Clock distribution networks (CDNs) are costly in high-performance ASICs. This paper proposes a new approach: splitting clock domains at a very fine level, down to the level of a handful of gates. Each domain is synchronized with an inexpensive clock signal, generated locally. This is possible by adopting the paradigm of Stochastic Computation, where signal values are encoded as random bit streams. The design method is illustrated with the synthesis of circuits for applications in signal and image processing.
~
NAJAFI, M. Hassan, LILJA, David J., RIEDEL, Marc and BAZARGAN, Kia, 2016. Polysynchronous stochastic circuits. In: 2016 21st Asia and South Pacific Design Automation Conference (ASP-DAC). IEEE. 2016. p. 492–498. ieee [Accessed 23 February 2024].
All electronic systems are inherently asynchronous in nature. By carefully choreographing transitions with clock signals, asynchronous circuitry can be adapted to appear to behave synchronously. Such synchronism brings significant advantages: it greatly simplifies the design effort; also, with predictable timing, one can make performance guarantees. However, synchronism comes at a significant cost: one must create a clock distribution network (CDN) that supplies a common reference signal to all synchronous components. Historically, the primary design goal for CDNs has been to ensure that a single clock signal arrives at every synchronous component at precisely the same time (so there is zero clock skew). Achieving this is difficult and costly in terms of design effort and resources. In modern large-scale integrated circuits, the CDN accounts for significant area, consumes significant power, and often limits the overall circuit performance [1][2]. With increasing variation in circuit parameters, designing CDNs with tolerable clock skew is becoming a major design bottleneck.

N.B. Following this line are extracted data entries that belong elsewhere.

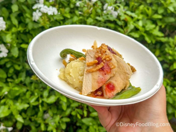 American Holiday Table serves up traditional Thanksgiving flavors from its spot in The American Adventure Pavilion… and more! Returning favorites here include the Slow-roasted Turkey and Blackened Catfish, and this is also where you can find the SNICKERS-Doodle Cookie.
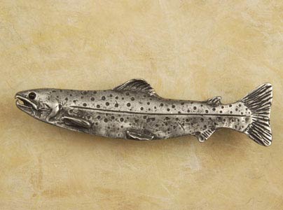 Our Large Trout (Left Face) Pewter Cabinet Knob will ignite your passion for the wild, and instill in your home or office, the country ambiance of nature's wildlife and fishing streams. This pull will inspire reverence, in nature lovers and fishermen alike, for a fish that contributes much to our natural environment. Made from 100% Lead Free Pewter with Brass Finding on 3" Centers. Measures: 5" wide x 1 1/4" high with a 1" projection Preview Our Available Finishes Order Your Large Concave Trout Pewter Cabinet Pulls Today!
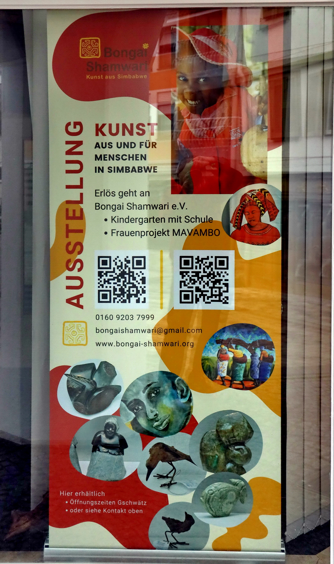 In der Ausstellung „Hohenlohe meets Simbabwe“ zeigten im Frühjahr verschiedene Künstler ihre Werke in der Sparkasse in Künzelsau. Die Schau wurde wegen Corona abgebrochen, die Künstler mussten eilends in ihre Heimat zurück. Diese Ausstellung soll 2021 wiederholt werden. Außerdem hat der Verein zwei Schaufenster in Ingelfingen – in der Schlossstraße und der Mariannenstraße angemietet – und stellt dort Bilder und Skulpturen aus Simbabwe aus, die über Christa Zeller verkauft werden. Auch bei Hohenloher Hörakustik in der Künzelsauer Hauptstraße sind Werke ausgestellt. Die Kunstwerke werden in Simbabwe hergestellt und gelangen per Container nach Deutschland.

[1] E.G. Friedman. Clock distribution networks in synchronous digital integrated circuits. Proceedings of the IEEE, 89(5):665692, May 2001.
[2] Y. Jiang, H. Zhang, H. Zhang, H. Liu, X. Song, M. Gu, and J. Sun. Design of mixed synchronous/asynchronous systems with multiple clocks. Parallel and Distributed Systems, IEEE Transactions on, PP(99):1–1, 2014.
Completely asynchronous design methodologies have been studied for decades, but these have never gained widespread acceptance (in spite of strong advocacy by proponents). Circuits with multiple independent clock domains – so circuits that are globally asynchronous, but locally synchronous (GALS) – have become common [3]. Splitting the domains reduces the cost of the distribution network, but relatively complex circuitry for handshaking is needed at domain crossings, so the splitting is only performed at a coarse level.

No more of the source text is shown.